Tested on the built package (task to build, then sbin/start-clp.sh) with both
clp-JSON (clp-s) and clp-TEXT (clp) storage engines.

Part A: clp-JSON (clp-s engine)

Setup

Task: Build package, start CLP, and compress test data into both the default and a
named dataset.

Commands:

$ cd build/clp-package
$ ./sbin/start-clp.sh
$ ./sbin/compress.sh --timestamp-key timestamp ~/samples/postgresql.jsonl
$ ./sbin/compress.sh --timestamp-key timestamp --dataset myds ~/samples/postgresql.jsonl

Output:

2026-03-03T19:24:03.148 INFO [controller] Setting up environment for bundling database...
...
2026-03-03T19:24:16.496 INFO [controller] Started CLP.

2026-03-03T19:24:21.503 INFO [compress] Compression job 1 submitted.
2026-03-03T19:24:24.007 INFO [compress] Compression finished.
2026-03-03T19:24:24.007 INFO [compress] Compressed 385.21MB into 10.06MB (38.31x).
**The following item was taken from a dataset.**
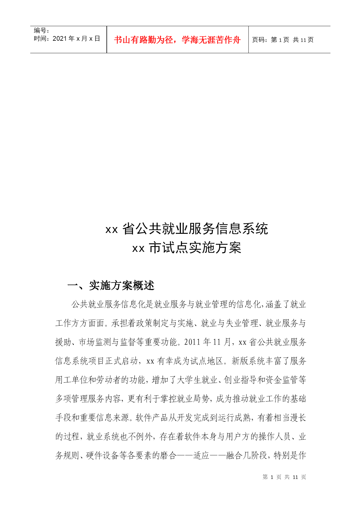 编号:时间:2021年x月x日书山有路勤为径,学海无涯苦作舟页码:第PAGE11页共NUMPAGES11页第PAGE\*MERGEFORMAT11页共NUMPAGES\*MERGEFORMAT11页xx省公共就业服务信息系统xx市试点实施方案一、实施方案概述公共就业服务信息化是就业服务与就业管理的信息化,涵盖了就业工作方方面面。承担着政策制定与实施、就业与失业管理、就业服务与援助、市场监测与监督等重要功能。2011年11月,xx省公共就业服务信息系统项目正式启动,xx有幸成为试点地

Speed: 177.04MB/s.

2026-03-03T19:24:25.143 INFO [compress] Compression job 2 submitted.
2026-03-03T19:24:27.649 INFO [compress] Compression finished.
2026-03-03T19:24:27.649 INFO [compress] Compressed 385.21MB into 10.06MB (38.31x). Speed: 182.56MB/s.

Archive IDs:

$ ls var/data/archives/default/
b39f5ee0-b0ae-4a39-be88-8651c3e0df19

$ ls var/data/archives/myds/
f0ac92ae-eeec-4245-b742-54b013933574

Scenario 1: extract-json without --dataset (default dataset fallback)

Task: Verify that j without --dataset falls back to the "default" dataset
instead of erroring with "Dataset unspecified".

Command:

$ ./sbin/decompress.sh j b39f5ee0-b0ae-4a39-be88-8651c3e0df19

Output:

2026-03-03T19:24:38.532 INFO [decompress] Finished extraction job 1.

Explanation: Before this fix, this command would fail with an ImportError. Even after
fixing the import, the old code would reject this call with "Dataset unspecified, but must
be specified for command j". Now it correctly falls back to the "default" dataset,
matching the behavior of all other scripts.

Scenario 2: extract-json with --dataset

Task: Verify j with an explicit dataset filter works.

Command:

$ ./sbin/decompress.sh j f0ac92ae-eeec-4245-b742-54b013933574 --dataset myds

Output:

2026-03-03T19:24:41.830 INFO [decompress] Finished extraction job 2.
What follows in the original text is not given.